Following on from yesterday’s post Is the Planning Game dis-respectful, I had a conversation with Dan North @tastapod . He started by saying detailed planning isn’t just waste, it’s wrong. By which he meant if you do a detailed plan up-front, by the time you come to do the work things will have changed you will no longer be doing the same tasks/stories you put into the effort into estimating.
Of course you shouldn’t break a whole 9-month project down into detailed day-by-day tasks. As Dan says, that would take a long time and have little value. It would give a very precise number, but it would have no more accuracy for the overall project than a higher-level estimate. You should only go into detail for the work you’re about to do and delay commitment on anything else.
[For the difference between precision and accuracy, I always remember a line from the otherwise excellent Ladybird book on Australia: “The road from Alice Springs to Darwin is approximately 1000 miles (1609.3 kilometers) long.” I love the fact they even put in the decimal point.]
And then Liz Keogh pointed me at Dan’s blog on The perils of Estimation. Read it now.
Read it? Okay, I’ll continue.
What are we actually trying to achieve? In Dan’s words, “The business … asked us a) how much will it cost to solve the problem, and b) how confident are we about that number?
In our company, we sell audio solutions which include custom silicon chips, DSP algorithms, drivers, development boards, demonstration platforms, evaluation & development tools – there are a lot of components which have to come together to make a solution. Given it costs $1/2M and 6+ weeks to “compile” (i.e. fabricate) a chip, they have a huge phase gate before shipping the design to manufacture, and fabrication slots have to be booked several weeks in advance. So we’re asked a third question: “c) when can you integrate with the hardware?”
We are still a very Analytic organisation . We haven’t yet worked out how to successfully convert Agile principles to IC design (although I have been discussing it with them for several years), and we certainly can’t do Continuous Deployment. In fact, we have only recently recognised that software is a critical part of the solution, and we’re still working out how to integrate it. So, while I have been given some freedom in my own team, and we are reviewing the development process, in the mean time I still have to fit into a reporting structure designed for chips, and I have to communicate with people in an Analytic mindset who use Analytic terminology.

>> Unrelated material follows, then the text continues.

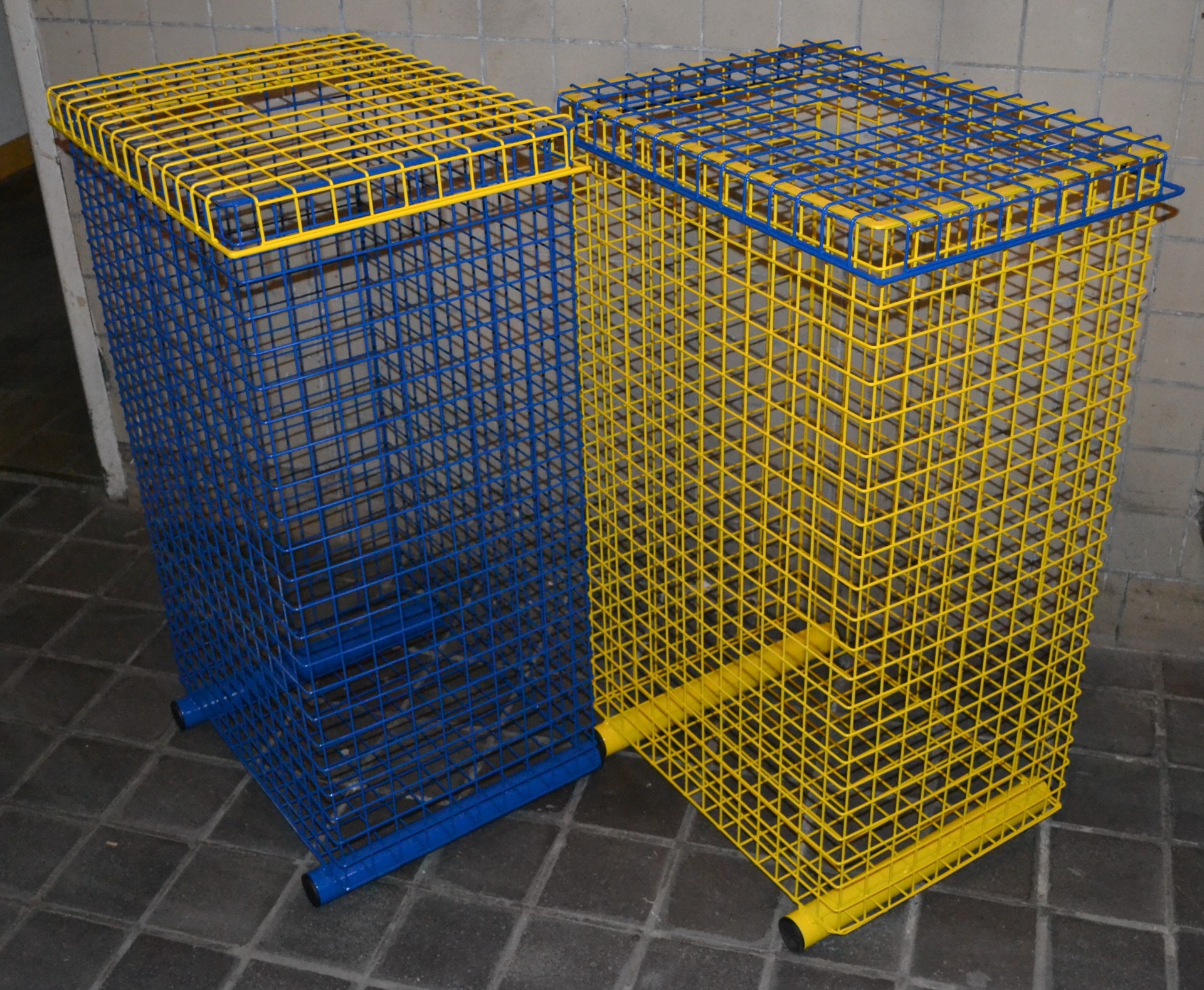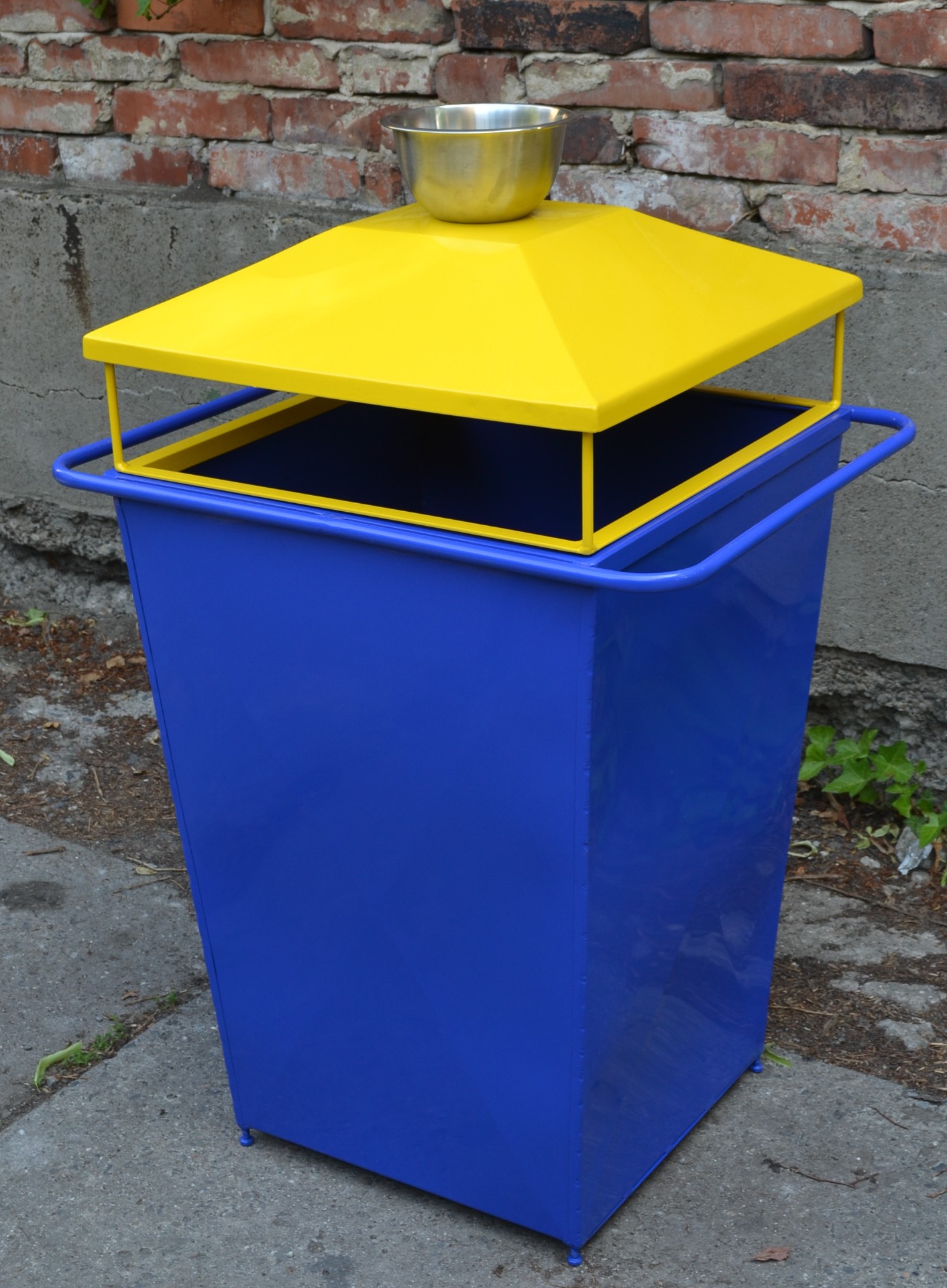 Venkovní kovový koš. Horní - žluté - víko je odnímatelné.

I am working on a project as part of a solution built on major new functionality in forthcoming chips. We are having to expand the team temporarily to do this, which is a significant investment, and we are playing the budgeting game for 2013 at the moment. I need to give an estimate of how much investment we will need to be able to support this functionality or there will be no money in the budget for the work, and hence no solution (at least not in time for the market).
I intend to deliver the work incrementally, probably in 4-6 week increments internally depending on when there is a useful increase in functionality for colleagues to start using. But once the money runs out, work stops. And there are some key milestones which it will be very costly to miss (e.g. a major sales fair in January needs at least a demo version, and we need full support for the key features by the time the chips ship in May).
Traditionally in our company, projects are funded for the estimated life/cost of the project with a business case review if anything looks like it will exceed a certain tolerance in a key parameter, and also at major milestones such as fabrication. I have a new team, half of colleagues who have been working on this product through various releases for the last 2 years, and half of contractors from Velocity Partners based on the other side of the Atlantic. I have been very impressed with them in the short time we have worked together so far, but they are still an unknown quantity. At the moment the best I can say about this project is that it will take 4-8 months with about 70% certainty to support the key features in the solution, assuming Velocity are as good as they appear to be.
So I have managed to persuade the company that we will work with Velocity for 4 weeks to scope out the work, address key technical risks, gain an appreciation of how we work, and increase our knowledge to narrow the range and increase the confidence in the estimate. Then we will provide a list of high-level features and estimated timeframe so that other teams can start planning their integration. At this point, I will probably be asked for a detailed feature list, because that’s the company mindset, but I will try to keep it at a high major-feature level which will probably work out around 4-6 week increments
And then I will need to get formal business approval for the whole project in order to get the PO approved for Velocity. And give precise dates for particular releases. That’s how the company currently works.
Still not sure how to play that one…
So…is planning waste? There may be more effective ways of working in more Synergistic organisations who practice Continuous Deployment and have independent projects with a steady flow of value. But while I work with my colleagues on a more agile process, we still have to deliver, and we have to fit into the current reporting model. And this is a very high-profile project, so very visible where we haven’t been particularly visible before, so we have a lot of pressure and not much credit yet. And the management team are used to waterfall projects (and used to them being late :-). So they want to know how they are going to track progress on it.
As we deliver value, we will earn trust, and with it flexibility. Over time I will also explore varying our development methods with my colleagues. But for now I have to work within today’s system, so I need a high-level plan. It’s not waste. I just need to make sure it’s not wasteful either, by not going into too much detail.